ChatGPT, a popular language model developed by OpenAI, has been experiencing a concerning decline in its performance. Despite the fact that generative AI models like ChatGPT continuously train themselves using user input, which should theoretically make them smarter over time, they seem to be getting “progressively dumber.” This phenomenon has left researchers puzzled and has raised questions about the underlying reasons behind this decline in intelligence.
One possible explanation for this decline is a concept known as “drift.” Drift refers to the unexpected or unpredictable behavior of large language models (LLMs) like ChatGPT, where they deviate from their original parameters. In an attempt to improve certain aspects of these complex AI models, other parts may suffer, resulting in a deterioration of overall performance.
To investigate this issue, researchers from the University of California at Berkeley and Stanford University conducted a study to evaluate drift and analyze the changes in two popular LLMs: GPT 3.5, which powers ChatGPT, and GPT-4, which is used in Bing Chat and ChatGPT Plus. The study compared the performance of these models in various tasks, such as solving math problems, answering sensitive questions, completing opinion surveys, handling multi-hop knowledge-intensive questions, generating code, answering US Medical License exams, and performing visual reasoning tasks.
The study revealed that the March version of GPT-4 outperformed the June version in several instances, particularly in basic math prompts. The decline in performance was also observed in code generation, answering medical exam questions, and responding to opinion surveys. These instances can be attributed to the phenomenon of drift, where certain improvements in the models inadvertently resulted in a decline in other areas.
James Zou, one of the researchers involved in the study, expressed surprise at the speed at which the drift phenomenon occurred. He stated, “We had the suspicion it could happen here, but we were very surprised at how fast the drift is happening.” Despite the diminishing intelligence of these models, there were also instances of improvement observed in both GPT-4 and GPT-3.5. As a result, the researchers advise users to continue utilizing LLMs but with caution, constantly evaluating their performance.

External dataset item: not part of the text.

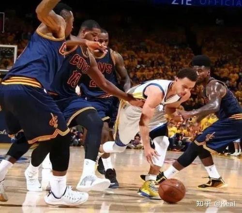拉拽推抱都无法形容库里面对的防守,只能说观感上,库里更像是每时每刻身上都挂了不止一个人在打球。

While the decline in intelligence of ChatGPT and other LLMs raises concerns about their reliability and suitability for various tasks, it is important to note that there are still areas where these models excel. They continue to be valuable tools, but users must be mindful of their limitations and regularly assess their performance.
As the field of artificial intelligence progresses, it is crucial for researchers and developers to address the issue of drift and find ways to mitigate its impact. By improving the overall stability and consistency of large language models, we can ensure their continued usefulness in various applications.